The vast majority of Chrysler LLC's secured lenders -- including a Michigan public retirees' pension fund, the University of Kentucky and the Bill and Melinda Gates Foundation -- agreed to a deal with the Treasury Department to help Chrysler survive.
The holdout creditors own $295 million of the automaker's $6.9 billion in distressed debt -- much less than previously disclosed, bolstering Chrysler's case for a speedy exit from bankruptcy.
The committee representing the objecting creditors disclosed their identities Wednesday, as required, in U.S. Bankruptcy Court. They include Stairway Capital Management, Oppenheimer Senior Floating Rate Fund and Foxhill Opportunity Master Fund.
The law firm for the creditors, White & Case, said other lenders "have elected for various reasons to withdraw" from the group of objectors "as a consequence of concerns stemming from publicity of these Chapter 11 cases."
The disclosure that the objecting creditors hold slightly more than 4 percent of the debt may make it easier for Chrysler to quickly complete a sale of its good assets, allowing it to exit bankruptcy in 60 days.
The law firm said none of the objectors still in the case hold "credit default swaps," which would allow them to be repaid in full if Chrysler liquidated.
Thomas Lauria, a lawyer for the debtors, said some death threats against the creditors had been reported to police, and noted that the holdouts were denounced by President Barack Obama and pilloried by Michigan politicians. U.S. Bankruptcy Judge Arthur Gonzalez Tuesday rejected a request to keep the names secret, saying no evidence had been presented to support it.
Gonzalez also approved bidding procedures Tuesday for a sale of Chrysler's assets, giving potential buyers until May 20 to submit their bids.

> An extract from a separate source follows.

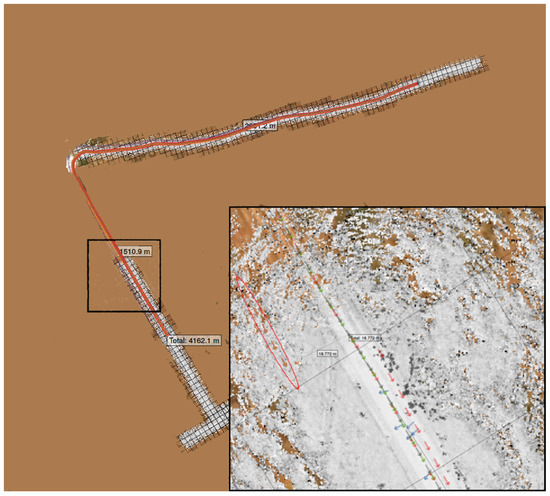 Similarly, a dirt trail of about 1.2 km in length was mapped, as shown in

"While there is still a lot of work to do, this development gives us further confidence that Chrysler's bankruptcy will be quick and orderly," White House spokesman Robert Gibbs said, praising the speedy progress.
U.S. Treasury officials won agreement from Chrysler's four major bank lenders and most of the smaller lenders to swap the $6.9 billion in first-tier secured debt in exchange for $2 billion in cash.

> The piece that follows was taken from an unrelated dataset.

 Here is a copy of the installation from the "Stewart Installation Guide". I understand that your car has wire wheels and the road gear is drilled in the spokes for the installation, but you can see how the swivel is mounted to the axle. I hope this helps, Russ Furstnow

Among those that agreed to swap debt were the Bill and Melinda Gates Foundation, the University of Kentucky, and Yale University, as a well as a company overseeing Michigan pensions.
The Municipal Employment Retirement System of Michigan, or MERS, oversees pensions for 700 Michigan cities covering about 75,000 retirees. MERS' $4.7 billion investment portfolio includes some distressed debt.
MERS purchased $3.4 million in Chrysler debt in August 2008 at 43 cents on the dollar, and agreed to sell it under the Treasury deal for about a $1 million loss, said spokeswoman Lisa Brewer.
Others that hold Chrysler's secured debt and agreed to the swap are Indiana University, the Children's Hospital of Philadelphia, Santa Barbara County Employee Retirement fund, the city of Seattle's retirement fund and the Los Angeles Fire and Police retirement fund. The list includes more than 100 funds.